Politique

« Nous avons vécu un sale temps en matière de respect des droits de l’Homme »

DOSSIER SPÉCIAL. Quel bilan de l’état des droits l’homme faites-vous, une année après le soulèvement populaire ?

Me Nourredine Benissad, avocat et président de la Ligue des droits de l’homme. On peut dire que nous avons vécu un sale temps en matière de respect des droits de l’Homme pour une année d’un soulèvement populaire, il faut le dire pacifique.

Déjà qu’avant le 22 février, la situation des droits de l’Homme n’était pas reluisante, autrement on n’aurait pas eu cette révolution.

Des arrestations, souvent sans contrôle judiciaire, des poursuites judiciaires sans rapport avec les faits, des interdictions de réunions d’acteurs politiques, associatifs, syndicaux, universitaires, estudiantins, ou plus généralement de citoyens sans motif légal alors que la situation exigeait d’encourager ces espaces de libre expression pour contribuer à une issue heureuse de la crise. Les décideurs ont ramé à contre-courant des libertés.

Les libertés de manifester, de circuler et d’expression ont été entravées. Ce qui constitue des atteintes à ces libertés fondamentales mais au droit des Algériens à participer aux affaires publiques.

Les espaces d’expression sont complètement fermés notamment les médias lourds.

L’indépendance de la justice en termes de présomption d’innocence, de détention provisoire, de procès équitable a été malmenée et à juste titre mise en avant par les revendications populaires et les professionnels du droit notamment les avocats et d’une partie des juges.

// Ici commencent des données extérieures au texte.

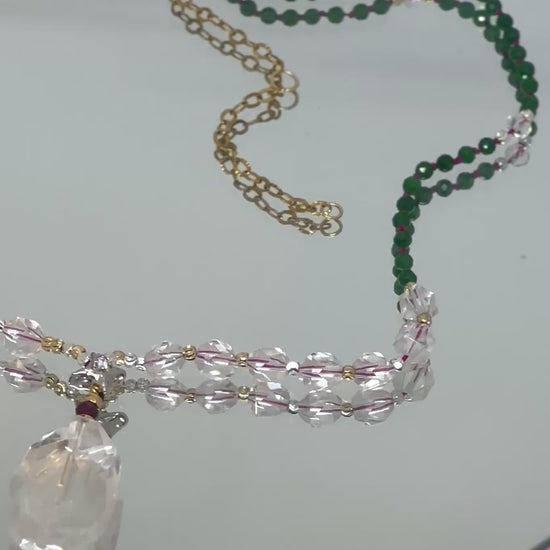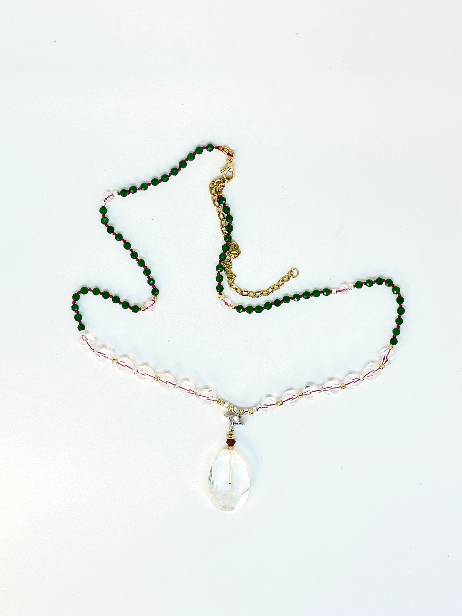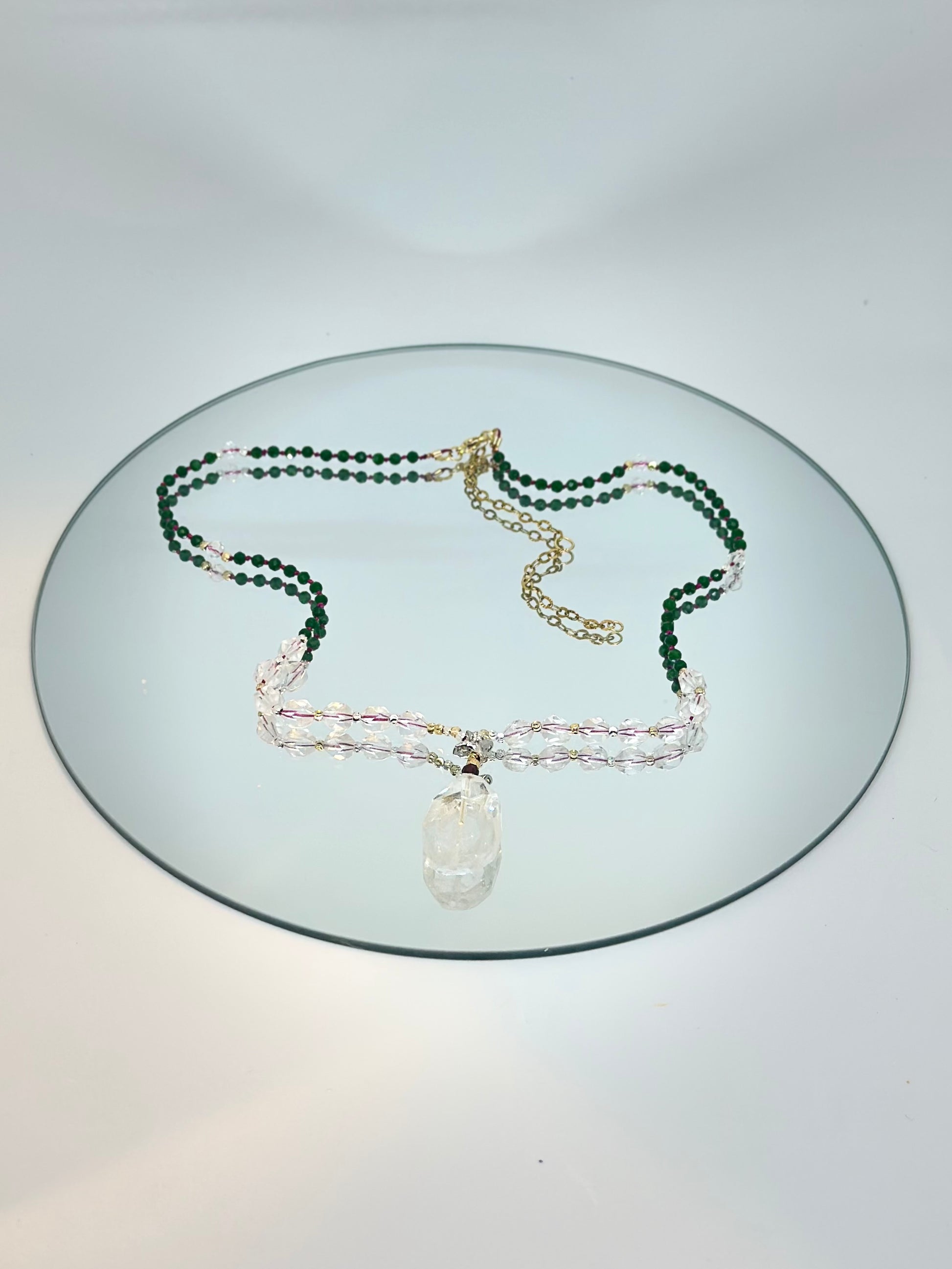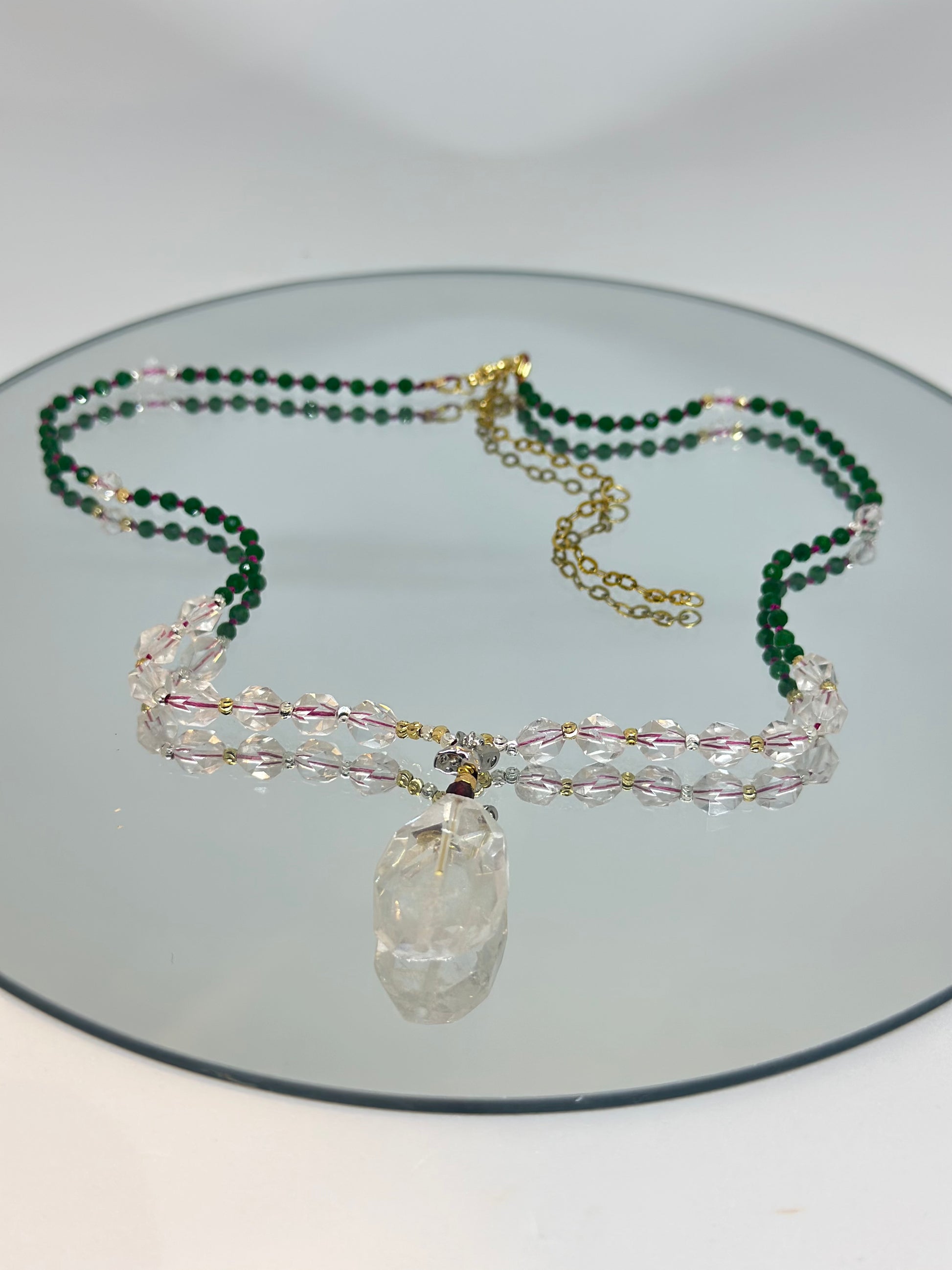 Collier Jade vert, Cristal de roche, Grenat

Le respect des droits de l’Homme, c’est aussi le respect de la volonté populaire par des élections libres et du principe de l’alternance au pouvoir. Ce qui n’est pas encore le cas dans notre pays.

Comment expliquez-vous qu’aujourd’hui on en est encore à interdire des réunions et des conférences d’acteurs du Hirak ?

Je crois que c’est la nature même du système autoritaire d’être dans le déni de la réalité politique. Le système autoritaire, par essence, refuse les contre-pouvoirs, voire le débat contradictoire et donc toute voie démocratique pouvant aboutir à une alternance au pouvoir.

Ne pas identifier les causes de la crise, c’est reproduire les mêmes effets.

Sinon comment expliquer qu’on nous parle de “L’Algérie nouvelle” et en même temps, on verrouille ou on tente de verrouiller tous les canaux d’expression plurielle et pacifique.

La question de détenus d’opinion se pose encore malgré les relaxes dont ont bénéficié certains manifestants et militants. Comment interprétez-vous cette tendance à libérer d’un côté des détenus d’opinion et en maintenir d’autres en détention ?

Vous faites bien de parler de détenus d’opinion car au départ le discours officiel relayé par certains médias niaient le statut de détenus d’opinion à toutes les personnes arrêtées, poursuivies ou condamnées pour avoir seulement exercé leurs droits fondamentaux garantis par la Constitution et le Pacte international relatif aux droits civils et politiques ratifié par notre pays.

À partir de là, aucune personne ne devrait être inquiétée pour avoir manifesté ou exprimé de manière pacifique une opinion.

Tout ce que je peux vous dire, c’est qu’on s’est réjoui de la libération de certains détenus d’opinion et on continuera à le demander pour le reste des détenus sans exception y compris pour beaucoup d’entre eux qui sont des hirakistes anonymes.

Le mouvement populaire a tenu à son caractère pacifique malgré les intimidations et les violences qui se sont exercées sur lui tout au long de cette année de lutte. Comment vous l’expliquez ?

Je crois que le caractère pacifique du mouvement populaire a déjoué tous les plans concoctés ici et là pour réprimer toute velléité de changement. Rappelez-vous les chants de sirènes de tout acabit qui ont surfé sur la peur et le chaos dont les conséquences pourraient mener le pays vers l’inconnu.

Les Algériens ont fait preuve d’une maturité inégalée par le caractère pacifique et l’intelligence des revendications et éminemment la question du respect des droits de l’Homme. Quoi qu’on dise, je crois que plus jamais les Algériens n’accepteront qu’on attente à leur dignité et à leurs libertés.

L’évolution des droits de l’Homme est intimement liée à la démocratisation de notre société. Plus la démocratie avancera, plus les droits de l’homme seront respectés. La méconnaissance, l’ignorance, voire le mépris des droits de l’Homme et de la dignité de la personne humaine sont les sources des malheurs des pays.